Mitch asks, “Danny Sullivan says there’s nothing to optimize for BERT – ‘There’s nothing to optimize for with BERT, nor anything for anyone to be rethinking. The fundamentals of us seeking to reward great content remain unchanged.’ – is anyone actually testing for BERT?”
Danny is fundamentally 100% correct – if you’ve always been creating great, rich content that meets Google’s Expertise-Authority-Trust guidelines then literally nothing changes. The challenge for a lot of marketers is… they’re not. And a lot of the “scalability” tricks people use – like hiring the cheapest outsourced content farms or having the intern crank out swill, or copy-pasting lots of pieces from around the web – all those fall apart more. To put it another way, the great remains great, while the mediocre becomes bad in terms of search performance.

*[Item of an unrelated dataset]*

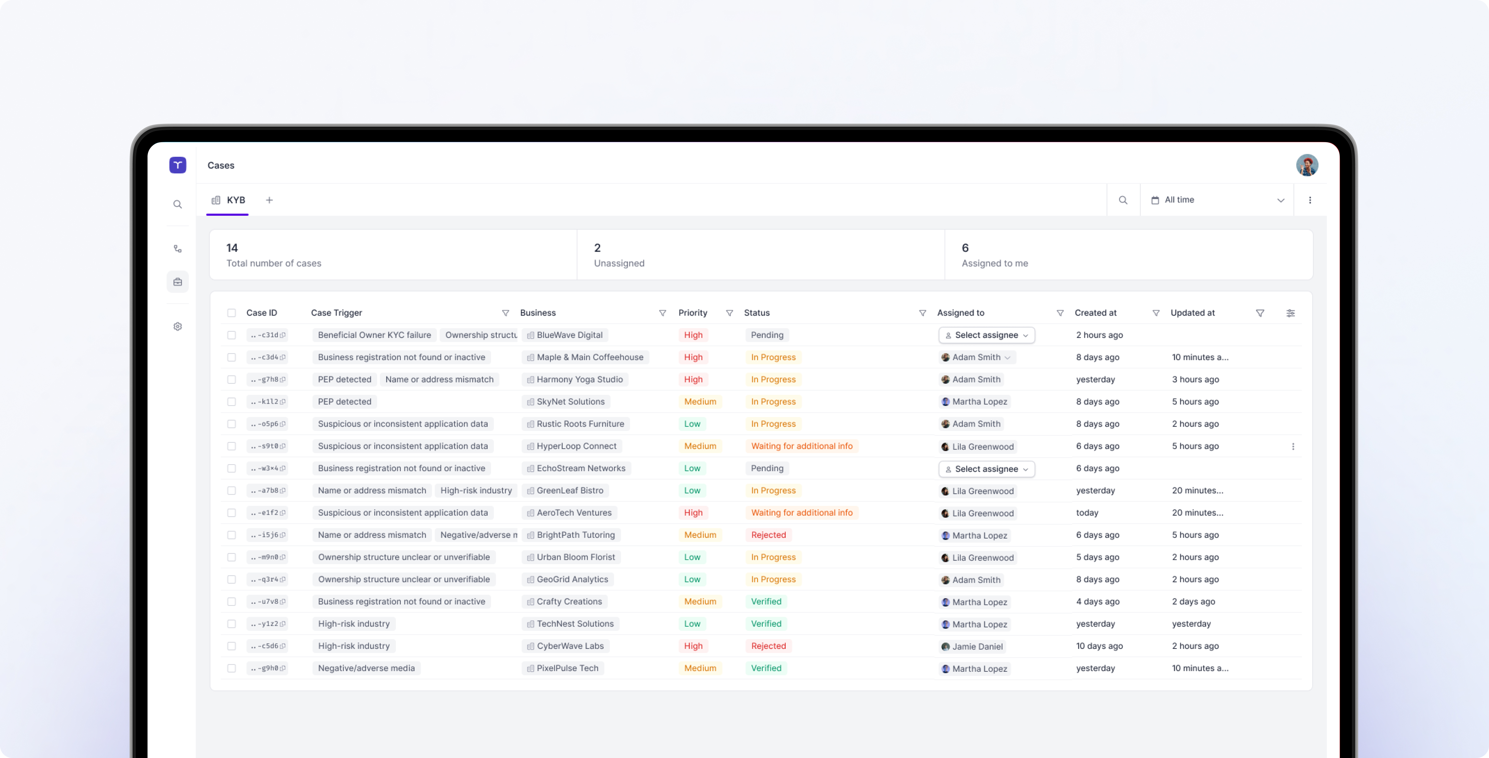 Use agentic AI to automate identity and business checks end-to-end — with human-in-the-loop controls that keep your teams fully in charge.

BERT also changes the game for a lot of low-performing marketers because it’s harder to game. The skills and tools needed to use it and work with it are a step higher than what the average SEO practitioner typically has available.
So, nothing changes for the best. Life gets worse for the rest.
We did a test yesterday on a key client page that had lost over 2,000 organic search visits year to date, and ran the process I outlined in the blog post. What we found was that there were a few key topics that weren’t in the page that were prominently in the ranking competitive pages, topics that made logical sense but were just omitted from the original piece (possibly for clarity). So, changes made – now we wait to see what happens.
Here’s a link to the Trust Insights blog post I wrote on BERT.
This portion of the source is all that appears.